In Unicode 4.1, this PUA character was allocated to U+1DAE. That means an obvious change to the mapping:

0xCB   <>   U+1DAE   ; superscript nya

But there is a further step we can take. When this mapping is used to convert Unicode to legacy, it should, for maximum benefit, handle either of the possible Unicode codepoints. The above should therefore be changed to:

0xCB   <>   U+1DAE   ; superscript nya
0xCB   <    U+F181   ; former PUA assignment

(The general name for this kind of mapping construction is "folding" — it folds two Unicode codepoints to a single legacy codepoint, thus eliminating the distinction in the Unicode space. Because this folding is due to PUA versioning, we have called it PUA version folding.)

PUA version transliteration

What should users do with existing documents that use the PUA codes? To facilitate users transitioning to the official encodings, we should supply transliterator mappings that convert between the various versions of our PUA. For example, the change to Unicode 4.1 might be implemented in a TECkit transliterator such as:

LHSName    'SIL-PUA-4.0'
RHSName    'SIL-PUA-4.1'

U+F181   <>   U+1DAE   ; superscript nya

Recommendation: When PUA codes are deprecated, mappings that refer to those codes should be updated not only to reference the official codepoints, but to fold deprecated PUA codes when doing the conversion back to legacy. Updated mappings should be designed to coexist with the older mappings. Further, a transliterator should be created to facilitate conversion of existing data between the PUA and official encoding.

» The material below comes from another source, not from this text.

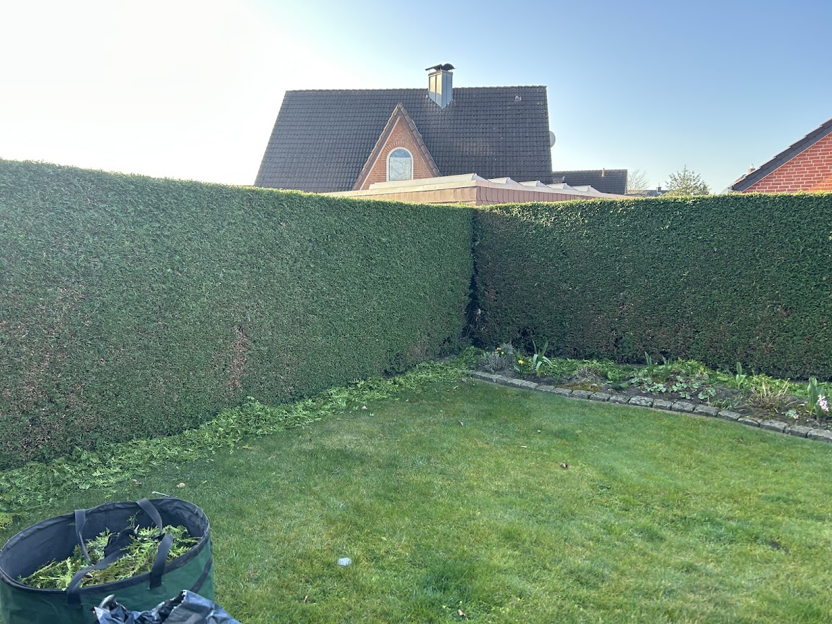 Unsere Hecke wurde gestutzt, Herr Horschel hat dies schnell erledigt. Gerne wieder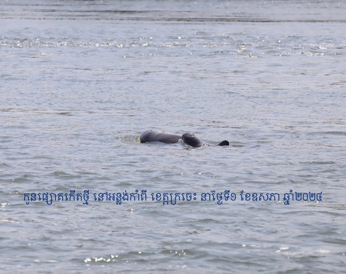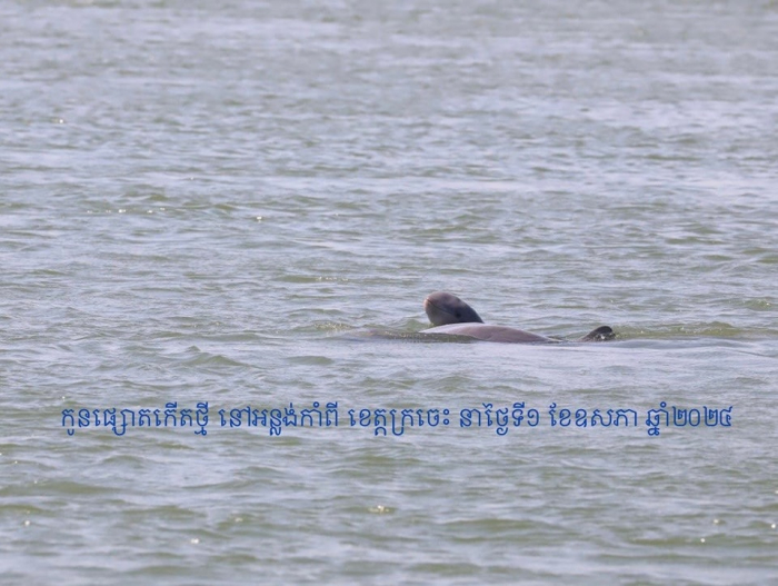 កូនផ្សោតទើបកើតថ្មីមួយក្បាល ត្រូវបានប្រទះឃើញដោយក្រុមការងារស្រាវជ្រាវនៃរដ្ឋបាលជលផលនិងអង្គការ WWF វេលាម៉ោង៩:១០នាទីព្រឹក នាថ្ងៃទី១ ខែឧសភា ឆ្នាំ២០២៤ នៅអន្លង់កាំពី ភូមិកាំពី ឃុំសំបុក ស្រុកចិត្របុរី ខេត្តក្រចេះ។ កូនផ្សោតនេះស្ថិតនៅក្នុងក្រុមសត្វផ្សោតធំៗចំនួន២ក្បាលផ្សេងទៀត។

For this transliterator, the LHS should be the old PUA version, while the RHS be the new version (so that the default "forward" use of the transliterator updates data to the new version). Finally, in the forward direction, the transliterator should transform all characters deprecated in any previous PUA version (e.g., the 4.1 <> 4.2 transliterator should incorporate rules that transform 4.0 > 4.2).

A PUA to Unicode mapping file is available here: SIL-PUA mapping file.

More information about versioning and deprecating can be found on this page. Many of our original recommendations have changed, and we no longer ask people to track the PUA version in a font or keyboard.